You know that feeling of relief around 21 December, when from now on, the evenings are going to get lighter? Today I have a similar feeling as the nights start to draw in.
Don’t get me wrong, I love summer evenings – sitting with friends as the barbeque cools and the scents of the impending darkness fill the air, calling the children in from the far ends of the camp site as it approaches ten o’clock, coming home all nice ‘n’ lazy because it’s light and it will stay that way for – oooh – hours and hours. I luxuriate in the ease of summer.
But there’s another side (should I say a shadow side?) to the gloriously long evenings of June.
Why I feel relief at the summer solstice
What about the times when I’m tired or sad and all I want is to get home, have a bath and get into my pyjamas? It’s just not the same doing that in daylight.

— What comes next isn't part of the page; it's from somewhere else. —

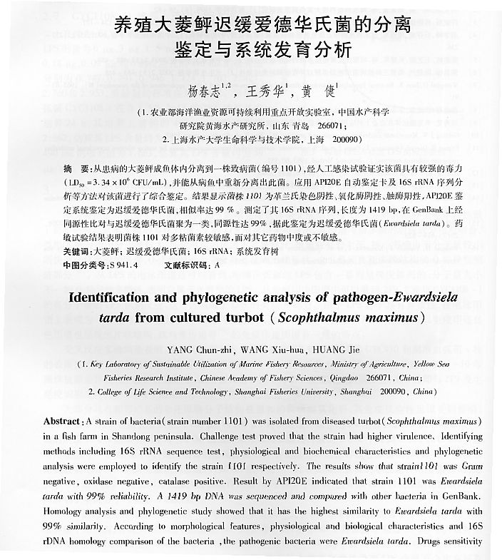 養(yǎng)殖大菱鲆遲緩愛德華氏菌的分離鑒定與系統(tǒng)發(fā)育分析1

What about the moments when I long to create a womb-like space in which to curl up, light a candle and pray? I need to do that all the year round but in summer there is often a dissonance between the callings of my inner world and the long, glaring hours of light.
I’m not complaining. One of the many things I enjoy about living in England is its climate and the contrast between its winter nights and summer days.
But as the year is poised on this, the summer solstice, I salute and welcome the start of the hemisphere’s descent into darkness, just as, in six months’ time, I will welcome its ascent into light.
I’m glad to read this and I agree. The natural historian and poet Kathleen Jamie has written well on the merits of darkness in Findings (2005)
I haven’t read Kathleen Jamie’s Findings but I shall look out for it now. Thank you, David.